The conference will take place Dec. 10, 2004, from 6:30 p.m. to 11 p.m. at the Levinson Auditorium, Yale Law School, 127 Wall St., New Haven, Conn. Admission is free.
For more program information, see
http://www.publicknowledge.org/news/events/digitalmix
http://islandia.law.yale.edu/isp/digitalmix_index.html
Event speakers:
Nelson Pavlosky is an undergraduate at Swarthmore College and a founding member of FreeCulture.org. Together with co-founder Luke Smith, he made national headlines when he successfully sued Diebold Corp. in a case that helped protect freedom of speech from abuse of copyright law. The Free Culture movement has spread to numerous campus chapters under the leadership of FreeCulture.org. It is dedicated to promoting a bottom-up, participatory structure to society and culture, by taking advantage of the democratizing power of the internet and the digital revolution, and it resists the misuse of law and technology to crush creativity and expression.
Paul D. Miller is a conceptual artist, writer, and musician working in NYC. He is also a virtuoso DJ and leading spokesman for the art and intellectual movement of DJ culture. Miller is most well known under the moniker of his “constructed persona” as “Dj Spooky that Subliminal Kid,” a character from his upcoming novel “Flow My Blood the Dj Said” that uses a wide variety of digitally created music as a form of post-modern sculpture. Miller has also recorded a huge volume of music, collaborating with a wide variety of pre-eminent musicians and composers.
Mark Hosler is a founding member of the band Negativland and a legend in the art of digital appropriation. Negativland is aggressively and publicly involved in advocating significant reforms of our nation’s copyright laws, and are often perceived as creative and funny shit-stirring anti-corporate activists, Negativland are artists first and activists second, not the other way around. Their art and media interventions have (often naively) posed questions about the nature of sound, media, control, ownership, propaganda and perception, with the results of these questions and explorations being what they release to the public.

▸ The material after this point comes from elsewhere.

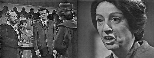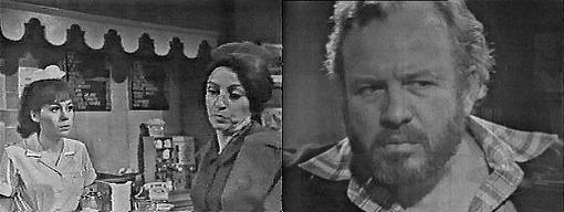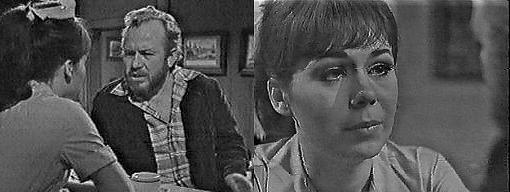 Coffee shop - Maggie drinks her coffee and watches her father, telling him that if he doesn't start talking to her, she's going to start making him pay for his breakfast. I'll pay, he says, how much? I was kidding! she says--you used to be able to see through my jokes before I even made them! Maybe I'm getting old, he says. You're still a young man, she says, you just act childish. Mrs. Johnson comes in and sits at a table. Maggie bids her good morning and offers her a menu. No, thanks, she says. That's too bad, she says, I type these up myself and I'm kind of proud of them--not one typographical error! I'll have vegetable juice and whole wheat toast, well done, she says--I'll butter it myself--and coffee. Coming right up, says Maggie. She goes behind the counter and quietly tells Sam, "She's a bundle of laughs!" Why should she be? asks Sam. Do you think I ought to mention anything to her about Carolyn wanting Mrs. Stoddard to hire her as a housekeeper? asks Maggie. No, says Sam, I don't, what goes on up at Collinwood is none of our business. Right, says Maggie--I don't trust her. Why not? asks Sam. Female intuition, I think, says Maggie. Burke walks past Sarah and goes to the counter. He accepts coffee from Maggie and he and Sam greet each other almost as if they were strangers. How are you? asks Burke. Fine, says Sam, how are you? Couldn't be better, says Burke--I suppose you're happy about the verdict our coroner arrived at? It was the only possible one, says Sam. Maybe you're right, says Burke, but I don't think so. Nobody had anything to do with Bill Malloy's death, says Sam. Sarah jumps from her chair. Oh, yes! she cries, someone had something to do with it, and that someone is standing right there--Burke Devlin! Maggie, Burke and Sam all goggle at her, stunned.

Mike Godwin began his extensive involvement with the legal and social issues affecting cyberspace, serving as the first Staff Counsel for the Electronic Frontier Foundation for nine years. In 1991-92, Godwin chaired a committee of the Massachusetts Computer Crime Commission, where he supervised the drafting of recommendations to Governor Weld for the development of computer-crime statutes. Mike is also a Policy Fellow at the Center for Democracy and Technology and recently served as Chief Correspondent at IP Worldwide, a publication of American Lawyer Media, and as an “IP Land” columnist for American Lawyer magazine.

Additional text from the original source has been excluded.